Its activity against Staphylococcus aureus, Streptococcus pyogenes, and Listeria ivanovii, is substantially weaker. Activity against fungi such as Candida albicans and Candida parapsilosis is minimal. Relative to classical and more understood AMPs such as melittin, guavanin 2 displays slower bactericidal kinetics, higher selectivity, and lower cytotoxicity.

=== Mechanism ===
Unlike many AMPs that cause rapid membrane depolarization, guavanin 2 induces membrane hyperpolarization. This hyperpolarization is due to the large cationic charge found on the structure and these charges are what give the peptide the antimicrobial properties.
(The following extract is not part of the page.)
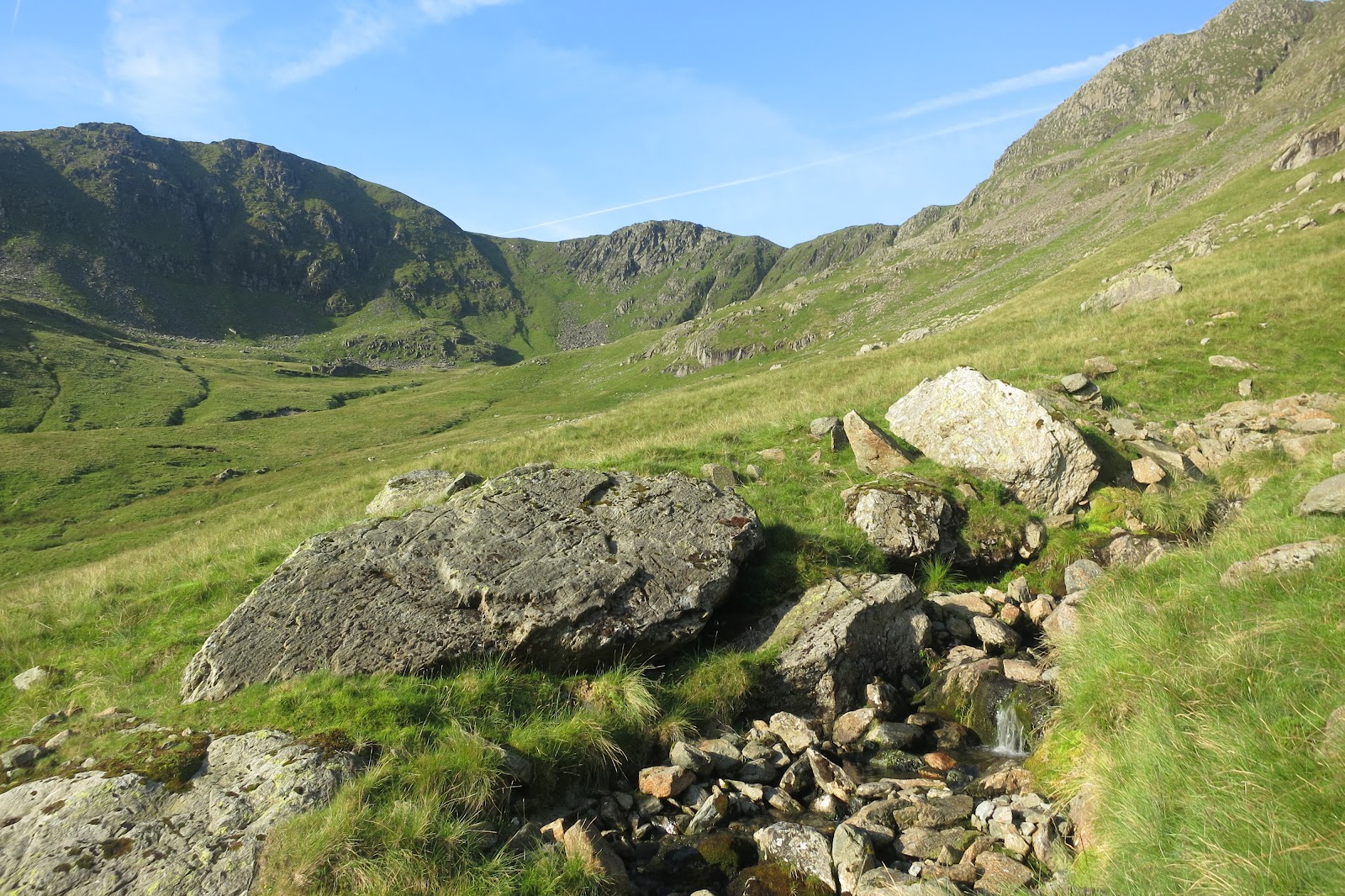 The clue is in the name of this place – it’s not the easiest place to get too haha. I’d walked these parts a few times before – so knew the route up to Grisedale Valley from Patterdale well – and had stopped at Ruthwaite Lodge a few times for a bite to eat as you get a superb view down the valley from it’s elevated position. However once you get to the lodge along the well-marked path – it’s a case of going off the beaten track- making your own path and following the river and cascading waterfalls up towards Hard Tarn – and using a map, the surrounding mountains (and a GPS as fall back plan) as your guide. It’s steep and can get boggy – so this isn’t one for beginners.

Experiments using fluorescent dyes showed slow increases in membrane permeability, a reduction in fluorescence of polarity-dependent dye indicating hyperpolarization, and morphological changes observed in a scanning electron microscope. Hyperpolarization may contribute to cell death by disturbing metabolic processes dependent on membrane stability like the electron transport chain and ATP synthesis that take place in the mitochondria. If the mechanism of death were depolarization the signal of the fluorescent dyes would have increased during the experiments.

== Applications ==
Similar to other AMPs, guavanin 2 could see further development to later become a means to eliminate bacterial infections in humans or other animals. Another takeaway from the development of guavanin 2 in Porto et al. is using the algorithm on other possible AMPs. This could improve the toxicity and/or specificity of other AMPs currently being researched. The algorithm is an easily applied tool that may allow for researchers to speed up the process of discovering and designing effective AMPs.